Sr. Data Pipeline Engineer (Lambda Architecture)
TellApart - Burlingame, CA

This job posting is no longer available on TellApart. Find similar jobs: Senior Data Pipeline Engineer jobs - TellApart jobs

TellApart helps many of the world’s most successful retailers unlock the power of their customer data by applying the latest advances in cloud computing, predictive analytics, and machine learning. Our Customer Data Platform collects and analyzes massive amounts of data to power an integrated suite of marketing solutions that delivers personalized shopping experiences for 100s of millions of consumers in real time.

TellApart is backed by Greylock Partners and Bain Capital Ventures. Several of technology’s top executives have also invested in TellApart, including: Ron Conway (SV Angel), Dick Costolo (CEO, Twitter), Reid Hoffman (Founder & Chairman, LinkedIn), Jeff Jordan (former CEO, OpenTable), Phil Libin (CEO, Evernote) and Mike Walrath (former CEO, RightMedia). David Rosenblatt (former CEO, DoubleClick) is also an executive advisor.

Our team’s impact on the business:
The engineering team at TellApart creates big data solutions that collect and analyze petabytes of shopping data from some of the largest retailers in the world. Even though we're still a start-up, TellApart is currently one of the largest consumers of AWS services, with hundreds of active nodes in multiple regions managed through EC2 auto-scaling clusters that serve hundreds of thousands of requests with strict low latency requirements (under 40 milliseconds). TellApart’s infrastructure is built on a blend of java and python based web services, updated multiple times a day, and built following the lambda architecture: hadoop/cascading jobs managed with azkaban building out batch updates of voldemort servers while kafka queues feed into YARN/Spark streaming infrastructure for real-time updates.

Why we need you:
Play a key role in scaling our existing data pipeline to handle 10x the data to match our current growth trajectory

Build a real-time data pipeline that produces up-to-the-minute analyses

Consider next-generation hardware choices and configurations for our Hadoop clusters to optimize performance and reliability

Build or choose open source tools to help other engineers access complex data more efficiently

Most importantly, because you are excited by big data technologies and would like to make meaningful contributions toward the next advances in big data

Examples of projects recently undertaken by our team:
We needed to make it easy for any engineer to query customer data, so we created a framework on top of Cascading that exposes a uniform interface for extracting data from raw server logs

As the complexity of our job flow grew, we designed and built a reporting workflow using Azkaban running over a cost-efficient Hadoop cluster using Amazon’s Elastic MapReduce

We hack into open source projects to improve reliability and squeeze the last bit of performance out

Your qualifications:
Minimum of 5 years developing production software with previous experience working on a large-scale distributed system

At least 2 years of experience using big data systems and/or using big data for data analysis

Solid understanding of distributed system concepts used in scaling big data technologies with exponential growth of data and speeding up queries.

In-depth understanding of inner workings of as many of the technologies we currently use today (not all production tech listed): Hadoop, MapReduce, HBase, Voldemort, MongoDB, Cascading, Cloudera CDH, Spark, Parquet, Scalding, Kafka, Zookeeper, Eureka. etc.

Excellent analytical skills to deliver meaningfull and impact-driven insights using big data

Ability to thrive in a dynamic, fast-paced, collaborative, and high-growth start-up environment

Excellent communication skills, initiative, and teamwork

Bachelors or equivalent experience in Computer Science or related discipline (MS or PhD a plus)

Our data is unique, our platform is full of possibilities, and our business is booming.

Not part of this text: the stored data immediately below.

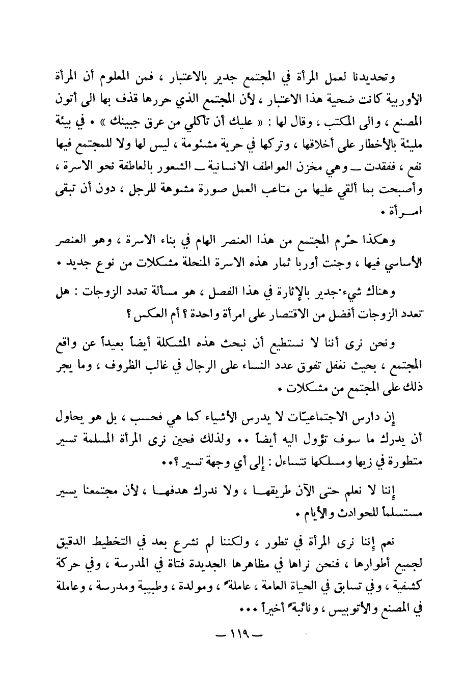 نعم إننا نرى المرأة في تطور، ولكننا لم نشرع بعد في التخطيط الدقيق لجميع أطوارها، فنحن نراها في مظاهرها الجديدة فتاة في المدرسة، وفي حركة كشفية، وفي تسابق في الحياة العامة، عاملةً، ومولدة، وطبيبة ومدرسة، وعاملة في المصنع والأتوبيس، ونائبةً أخيراً ...
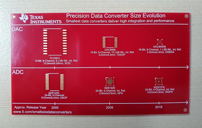 ▲TI의 정말 데이터 컨버터 크기 2000년, 2009년, 2018년 변천사 (최신 제품일수록 소형화 되고 있다)
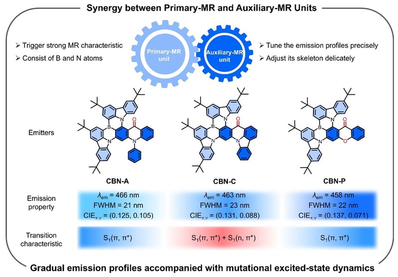 为满足超高清显示对高饱和色彩的严苛要求,有机发光二极管(OLED)领域亟需开发兼具高效率和窄光谱的蓝光材料。多共振热活化延迟荧光(MR-TADF)材料因其能实现窄带发射而备受关注。然而,蓝光MR-TADF材料在追求高色纯度的同时,还需兼顾视觉舒适度,避免因发射波长过短(低于455 nm)而引发“蓝害”。如何在保持高效率的同时,将发射波长调控至视觉友好区域,是该领域面临的关键挑战。

We are looking for motivated talent who want to take our technology and business to the next level and realize its full potential. If this sounds like your kind of environment, come join us at TellApart! Please apply and include any links to code samples (if possible/relevant). You can also reach out to our Recruiter, John Delaney (, if you have any questions.

TellApart is an Equal Employment Opportunity and Affirmative Action Employer with a commitment to workplace diversity. All qualified individuals are welcome to apply. Employment with TellApart is based solely upon one's individual merit and qualifications directly related to professional competence. We do not discriminate on the basis of race, religion, color, sex, age, national origin, citizenship, or disability. And we will make all reasonable accommodations to meet our obligations under the Americans with Disabilities Act (ADA) and state disability laws.